• Activity
Starting with the line below that holds "I's Dog 大治本店" and stopping after the line that holds "Segnalatore carica della batteria", transcribe the lines exactly, leaving out all pictures.
⟨
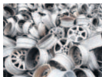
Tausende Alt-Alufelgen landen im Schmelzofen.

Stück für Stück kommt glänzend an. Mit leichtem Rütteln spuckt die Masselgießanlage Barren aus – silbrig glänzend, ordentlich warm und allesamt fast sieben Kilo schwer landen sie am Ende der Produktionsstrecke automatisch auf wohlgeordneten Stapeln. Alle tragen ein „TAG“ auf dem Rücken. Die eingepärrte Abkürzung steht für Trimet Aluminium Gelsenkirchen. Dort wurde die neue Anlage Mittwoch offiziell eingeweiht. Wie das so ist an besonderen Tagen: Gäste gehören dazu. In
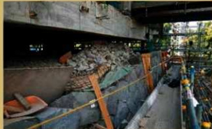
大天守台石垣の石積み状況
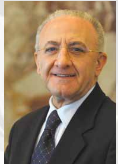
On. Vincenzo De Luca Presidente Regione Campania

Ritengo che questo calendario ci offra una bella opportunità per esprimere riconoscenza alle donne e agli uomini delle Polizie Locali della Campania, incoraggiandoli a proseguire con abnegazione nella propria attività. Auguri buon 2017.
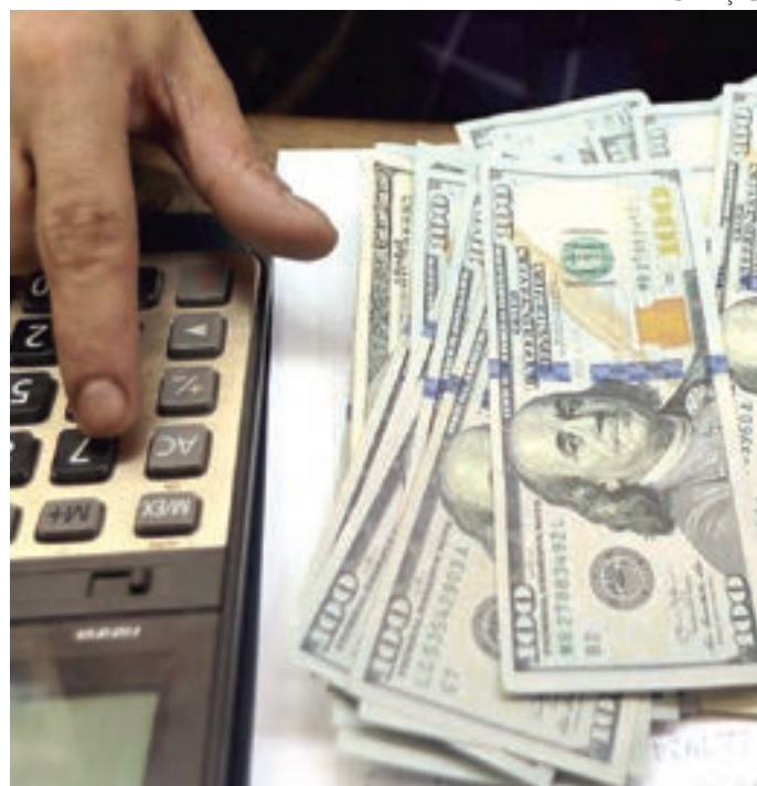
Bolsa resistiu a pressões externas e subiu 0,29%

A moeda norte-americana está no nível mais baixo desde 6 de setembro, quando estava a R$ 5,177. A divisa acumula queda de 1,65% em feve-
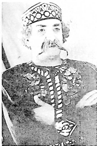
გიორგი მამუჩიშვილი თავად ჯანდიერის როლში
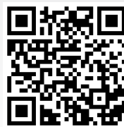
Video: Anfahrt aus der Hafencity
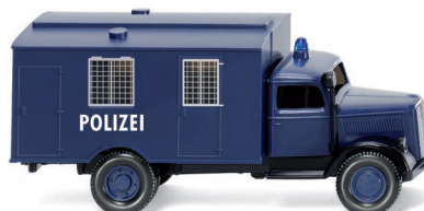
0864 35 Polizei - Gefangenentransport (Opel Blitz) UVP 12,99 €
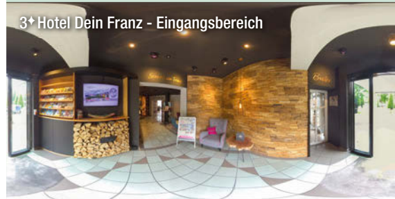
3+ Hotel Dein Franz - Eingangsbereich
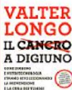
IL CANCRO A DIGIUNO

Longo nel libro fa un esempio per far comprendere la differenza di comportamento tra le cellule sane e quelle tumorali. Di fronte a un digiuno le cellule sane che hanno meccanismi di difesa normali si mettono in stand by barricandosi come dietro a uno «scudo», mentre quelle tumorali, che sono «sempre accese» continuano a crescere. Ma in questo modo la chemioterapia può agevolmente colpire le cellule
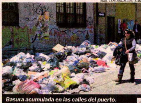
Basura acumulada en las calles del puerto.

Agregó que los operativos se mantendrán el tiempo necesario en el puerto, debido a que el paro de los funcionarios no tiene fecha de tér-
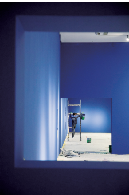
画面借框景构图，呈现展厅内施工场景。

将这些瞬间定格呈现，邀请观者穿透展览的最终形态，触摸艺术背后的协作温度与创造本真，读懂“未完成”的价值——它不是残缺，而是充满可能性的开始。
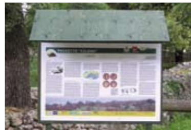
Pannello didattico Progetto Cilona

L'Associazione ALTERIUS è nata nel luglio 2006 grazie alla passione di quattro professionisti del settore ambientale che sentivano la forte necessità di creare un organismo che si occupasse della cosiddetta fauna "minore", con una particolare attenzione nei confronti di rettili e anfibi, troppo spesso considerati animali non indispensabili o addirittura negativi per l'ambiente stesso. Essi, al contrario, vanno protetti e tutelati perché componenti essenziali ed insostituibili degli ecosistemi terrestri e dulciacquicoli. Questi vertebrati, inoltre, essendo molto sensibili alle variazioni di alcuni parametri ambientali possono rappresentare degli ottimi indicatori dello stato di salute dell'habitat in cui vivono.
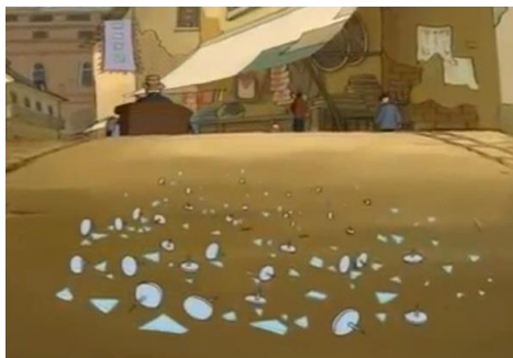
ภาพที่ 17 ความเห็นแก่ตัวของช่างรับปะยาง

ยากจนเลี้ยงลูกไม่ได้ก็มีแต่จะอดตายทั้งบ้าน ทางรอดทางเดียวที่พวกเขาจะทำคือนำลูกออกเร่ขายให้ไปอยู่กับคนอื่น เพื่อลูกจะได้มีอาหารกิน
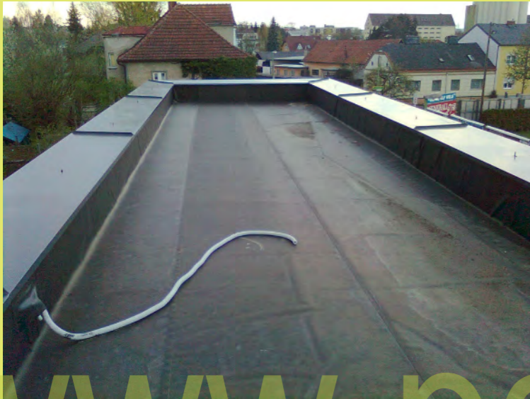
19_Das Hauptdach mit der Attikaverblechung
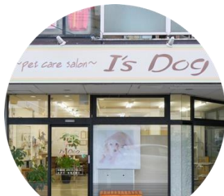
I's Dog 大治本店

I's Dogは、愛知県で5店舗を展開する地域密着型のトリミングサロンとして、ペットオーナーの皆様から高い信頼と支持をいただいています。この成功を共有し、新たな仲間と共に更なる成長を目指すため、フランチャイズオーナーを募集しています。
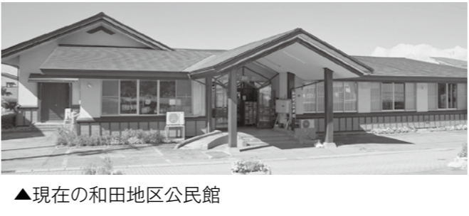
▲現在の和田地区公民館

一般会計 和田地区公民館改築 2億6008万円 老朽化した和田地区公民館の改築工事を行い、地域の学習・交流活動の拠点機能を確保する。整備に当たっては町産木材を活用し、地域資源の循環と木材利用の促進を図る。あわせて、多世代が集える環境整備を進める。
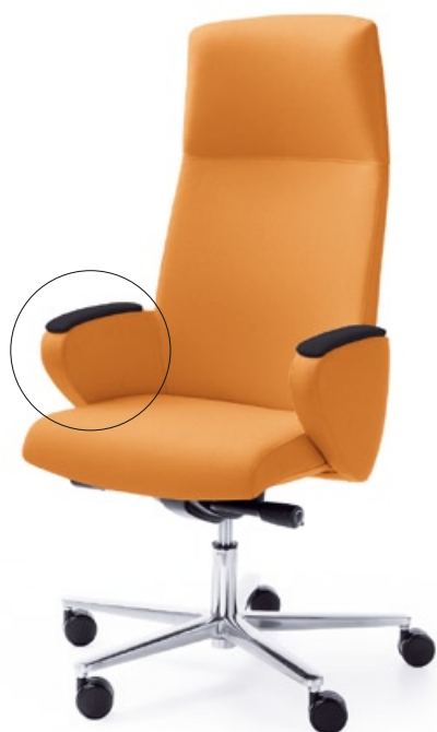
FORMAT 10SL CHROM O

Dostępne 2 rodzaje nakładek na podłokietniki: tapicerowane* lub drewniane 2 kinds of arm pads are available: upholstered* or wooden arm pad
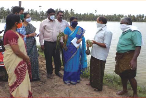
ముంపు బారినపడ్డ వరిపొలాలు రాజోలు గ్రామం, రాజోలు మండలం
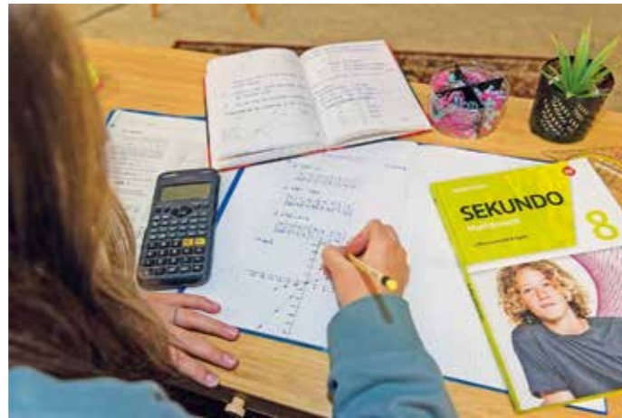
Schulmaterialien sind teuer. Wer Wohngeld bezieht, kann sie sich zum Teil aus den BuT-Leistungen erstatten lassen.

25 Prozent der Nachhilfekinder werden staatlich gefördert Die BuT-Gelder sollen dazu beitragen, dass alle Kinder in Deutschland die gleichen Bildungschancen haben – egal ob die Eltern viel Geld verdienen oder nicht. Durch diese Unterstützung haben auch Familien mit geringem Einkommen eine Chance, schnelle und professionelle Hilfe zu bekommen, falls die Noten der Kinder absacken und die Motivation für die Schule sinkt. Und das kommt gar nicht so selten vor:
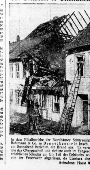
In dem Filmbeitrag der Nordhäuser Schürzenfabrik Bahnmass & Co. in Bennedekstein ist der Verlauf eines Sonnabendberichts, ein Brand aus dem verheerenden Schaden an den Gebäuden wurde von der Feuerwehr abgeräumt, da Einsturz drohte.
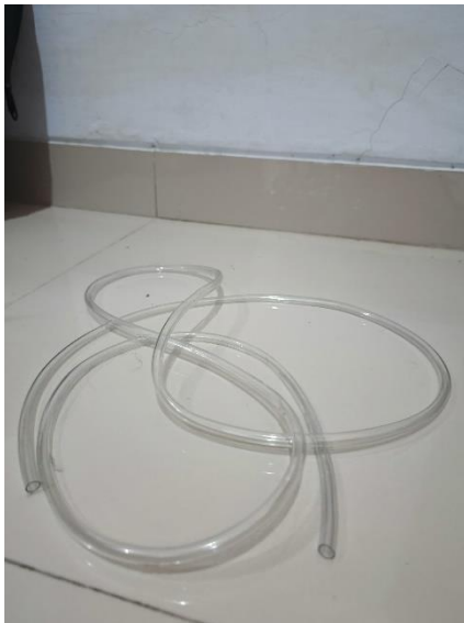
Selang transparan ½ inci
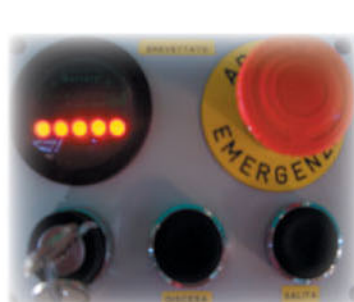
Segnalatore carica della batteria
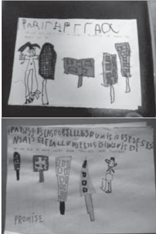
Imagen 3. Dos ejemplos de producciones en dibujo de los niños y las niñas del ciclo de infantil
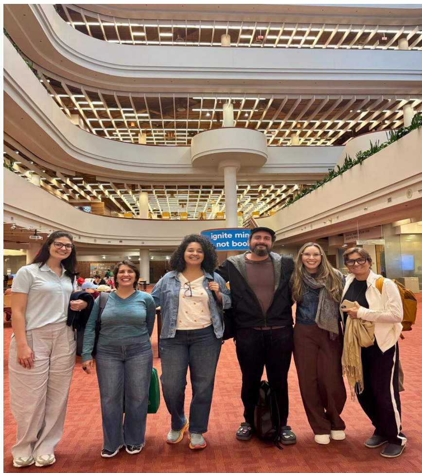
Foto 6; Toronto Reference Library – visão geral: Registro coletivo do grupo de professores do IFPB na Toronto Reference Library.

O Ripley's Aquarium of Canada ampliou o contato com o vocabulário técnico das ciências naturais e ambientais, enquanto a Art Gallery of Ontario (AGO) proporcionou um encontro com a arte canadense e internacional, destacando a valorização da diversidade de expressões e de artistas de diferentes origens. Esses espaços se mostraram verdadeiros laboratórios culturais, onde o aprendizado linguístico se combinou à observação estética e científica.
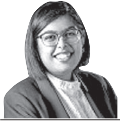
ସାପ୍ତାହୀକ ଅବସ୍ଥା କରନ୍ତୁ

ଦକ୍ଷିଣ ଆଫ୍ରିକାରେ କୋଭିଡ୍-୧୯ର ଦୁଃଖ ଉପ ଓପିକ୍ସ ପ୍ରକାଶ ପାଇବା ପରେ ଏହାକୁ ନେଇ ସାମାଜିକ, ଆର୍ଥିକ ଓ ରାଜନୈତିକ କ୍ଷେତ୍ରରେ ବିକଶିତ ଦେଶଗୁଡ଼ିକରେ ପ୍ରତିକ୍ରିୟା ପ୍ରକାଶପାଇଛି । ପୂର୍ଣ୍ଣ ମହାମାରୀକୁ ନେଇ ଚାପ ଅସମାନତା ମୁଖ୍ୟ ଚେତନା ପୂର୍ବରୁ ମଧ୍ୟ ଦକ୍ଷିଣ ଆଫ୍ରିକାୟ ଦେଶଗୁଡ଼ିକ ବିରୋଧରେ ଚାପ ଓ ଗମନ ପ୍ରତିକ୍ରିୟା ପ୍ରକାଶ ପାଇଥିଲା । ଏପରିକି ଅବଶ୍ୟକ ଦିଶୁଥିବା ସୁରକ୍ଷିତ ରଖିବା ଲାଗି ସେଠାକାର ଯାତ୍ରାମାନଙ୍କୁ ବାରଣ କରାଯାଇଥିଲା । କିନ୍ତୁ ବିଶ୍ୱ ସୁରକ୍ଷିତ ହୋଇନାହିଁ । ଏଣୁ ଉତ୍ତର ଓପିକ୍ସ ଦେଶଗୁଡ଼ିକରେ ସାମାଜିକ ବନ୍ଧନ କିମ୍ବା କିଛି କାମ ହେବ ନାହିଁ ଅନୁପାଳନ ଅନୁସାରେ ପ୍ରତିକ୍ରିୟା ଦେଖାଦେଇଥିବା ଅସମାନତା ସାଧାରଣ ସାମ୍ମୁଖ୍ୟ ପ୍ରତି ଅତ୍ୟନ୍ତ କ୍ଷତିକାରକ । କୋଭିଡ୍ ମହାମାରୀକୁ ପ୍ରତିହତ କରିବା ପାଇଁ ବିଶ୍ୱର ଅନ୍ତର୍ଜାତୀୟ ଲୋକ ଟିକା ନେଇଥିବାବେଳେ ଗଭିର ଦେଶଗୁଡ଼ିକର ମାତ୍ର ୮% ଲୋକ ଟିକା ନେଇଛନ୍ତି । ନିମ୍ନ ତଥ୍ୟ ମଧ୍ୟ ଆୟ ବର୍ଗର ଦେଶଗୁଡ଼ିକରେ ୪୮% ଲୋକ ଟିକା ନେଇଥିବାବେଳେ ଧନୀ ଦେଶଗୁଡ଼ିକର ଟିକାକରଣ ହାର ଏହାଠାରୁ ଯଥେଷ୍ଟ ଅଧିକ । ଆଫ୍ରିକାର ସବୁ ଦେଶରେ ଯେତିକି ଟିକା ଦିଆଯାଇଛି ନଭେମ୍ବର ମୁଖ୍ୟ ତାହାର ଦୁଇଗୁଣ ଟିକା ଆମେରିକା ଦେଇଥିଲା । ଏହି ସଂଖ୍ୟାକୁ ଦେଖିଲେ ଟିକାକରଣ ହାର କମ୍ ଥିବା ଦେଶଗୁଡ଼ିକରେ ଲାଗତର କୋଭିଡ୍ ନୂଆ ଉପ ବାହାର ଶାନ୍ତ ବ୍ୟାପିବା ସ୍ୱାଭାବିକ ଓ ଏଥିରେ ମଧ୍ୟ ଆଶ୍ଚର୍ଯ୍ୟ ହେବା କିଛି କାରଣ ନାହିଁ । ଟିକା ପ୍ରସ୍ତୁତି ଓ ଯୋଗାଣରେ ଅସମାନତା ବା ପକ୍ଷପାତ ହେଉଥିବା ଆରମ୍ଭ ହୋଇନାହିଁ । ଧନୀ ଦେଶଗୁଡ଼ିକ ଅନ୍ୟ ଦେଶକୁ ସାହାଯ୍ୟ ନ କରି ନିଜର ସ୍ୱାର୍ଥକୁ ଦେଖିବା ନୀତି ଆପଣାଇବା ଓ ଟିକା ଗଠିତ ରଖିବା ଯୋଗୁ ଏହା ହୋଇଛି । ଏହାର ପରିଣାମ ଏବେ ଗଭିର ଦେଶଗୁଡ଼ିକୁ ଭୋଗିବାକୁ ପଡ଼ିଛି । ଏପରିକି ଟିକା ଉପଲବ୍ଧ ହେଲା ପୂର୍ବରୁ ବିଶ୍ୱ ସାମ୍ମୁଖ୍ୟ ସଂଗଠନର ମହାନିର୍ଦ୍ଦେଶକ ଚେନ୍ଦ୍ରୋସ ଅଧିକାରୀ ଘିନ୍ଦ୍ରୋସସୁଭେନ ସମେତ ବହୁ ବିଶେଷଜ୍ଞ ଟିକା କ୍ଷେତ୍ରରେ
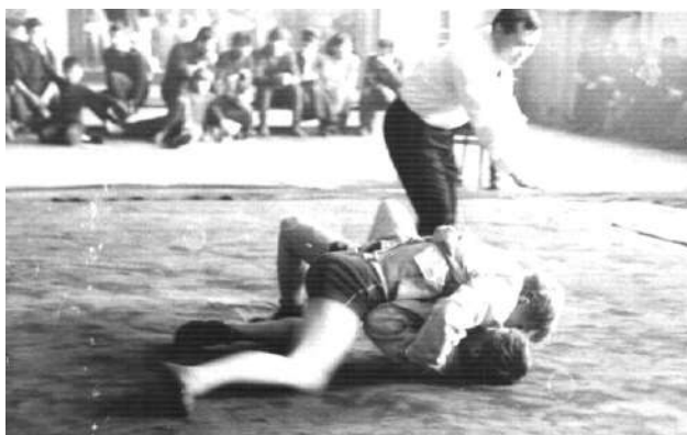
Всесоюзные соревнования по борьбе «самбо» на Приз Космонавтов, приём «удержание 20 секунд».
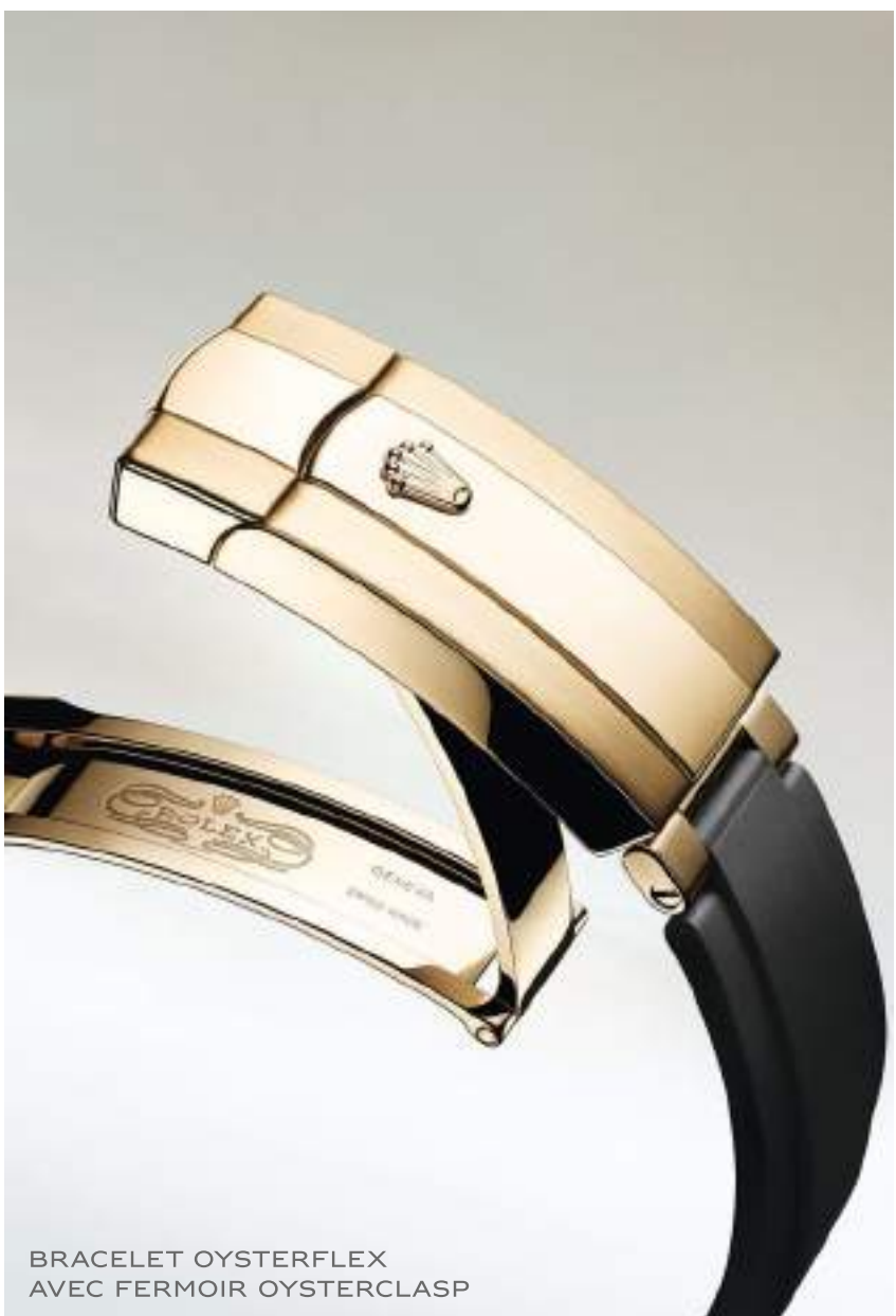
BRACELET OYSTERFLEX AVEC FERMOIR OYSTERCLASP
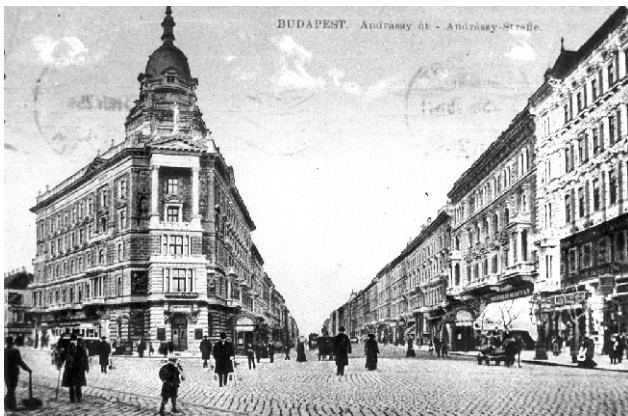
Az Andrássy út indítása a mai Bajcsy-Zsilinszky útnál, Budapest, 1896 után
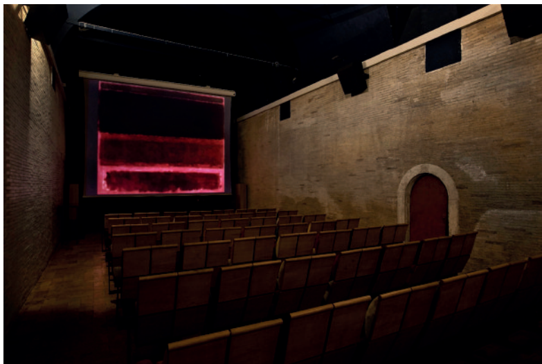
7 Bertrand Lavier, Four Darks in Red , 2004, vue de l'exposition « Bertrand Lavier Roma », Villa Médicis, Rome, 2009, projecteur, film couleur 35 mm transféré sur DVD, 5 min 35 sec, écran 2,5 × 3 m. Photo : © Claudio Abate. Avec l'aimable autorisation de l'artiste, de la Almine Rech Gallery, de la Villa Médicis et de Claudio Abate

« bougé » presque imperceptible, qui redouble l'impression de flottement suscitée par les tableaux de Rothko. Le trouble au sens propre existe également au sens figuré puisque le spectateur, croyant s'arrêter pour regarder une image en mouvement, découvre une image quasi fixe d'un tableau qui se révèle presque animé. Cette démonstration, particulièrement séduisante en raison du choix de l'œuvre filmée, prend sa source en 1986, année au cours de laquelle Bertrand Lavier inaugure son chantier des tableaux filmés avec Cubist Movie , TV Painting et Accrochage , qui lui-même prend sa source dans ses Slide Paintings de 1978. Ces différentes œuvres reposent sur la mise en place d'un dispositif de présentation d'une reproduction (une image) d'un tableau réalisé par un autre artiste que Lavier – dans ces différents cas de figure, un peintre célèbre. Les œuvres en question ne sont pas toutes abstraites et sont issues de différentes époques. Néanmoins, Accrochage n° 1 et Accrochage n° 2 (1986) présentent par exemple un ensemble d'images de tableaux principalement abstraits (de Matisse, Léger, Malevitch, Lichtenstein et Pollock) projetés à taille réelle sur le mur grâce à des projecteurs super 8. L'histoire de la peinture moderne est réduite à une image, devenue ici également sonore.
⟩
• Answer space
I's Dog 大治本店

I's Dogは、愛知県で5店舗を展開する地域密着型のトリミングサロンとして、ペットオーナーの皆様から高い信頼と支持をいただいています。この成功を共有し、新たな仲間と共に更なる成長を目指すため、フランチャイズオーナーを募集しています。
▲現在の和田地区公民館

一般会計 和田地区公民館改築 2億6008万円 老朽化した和田地区公民館の改築工事を行い、地域の学習・交流活動の拠点機能を確保する。整備に当たっては町産木材を活用し、地域資源の循環と木材利用の促進を図る。あわせて、多世代が集える環境整備を進める。
FORMAT 10SL CHROM O

Dostępne 2 rodzaje nakładek na podłokietniki: tapicerowane* lub drewniane 2 kinds of arm pads are available: upholstered* or wooden arm pad
ముంపు బారినపడ్డ వరిపొలాలు రాజోలు గ్రామం, రాజోలు మండలం
Schulmaterialien sind teuer. Wer Wohngeld bezieht, kann sie sich zum Teil aus den BuT-Leistungen erstatten lassen.

25 Prozent der Nachhilfekinder werden staatlich gefördert Die BuT-Gelder sollen dazu beitragen, dass alle Kinder in Deutschland die gleichen Bildungschancen haben – egal ob die Eltern viel Geld verdienen oder nicht. Durch diese Unterstützung haben auch Familien mit geringem Einkommen eine Chance, schnelle und professionelle Hilfe zu bekommen, falls die Noten der Kinder absacken und die Motivation für die Schule sinkt. Und das kommt gar nicht so selten vor:
In dem Filmbeitrag der Nordhäuser Schürzenfabrik Bahnmass & Co. in Bennedekstein ist der Verlauf eines Sonnabendberichts, ein Brand aus dem verheerenden Schaden an den Gebäuden wurde von der Feuerwehr abgeräumt, da Einsturz drohte.
Selang transparan ½ inci
Segnalatore carica della batteria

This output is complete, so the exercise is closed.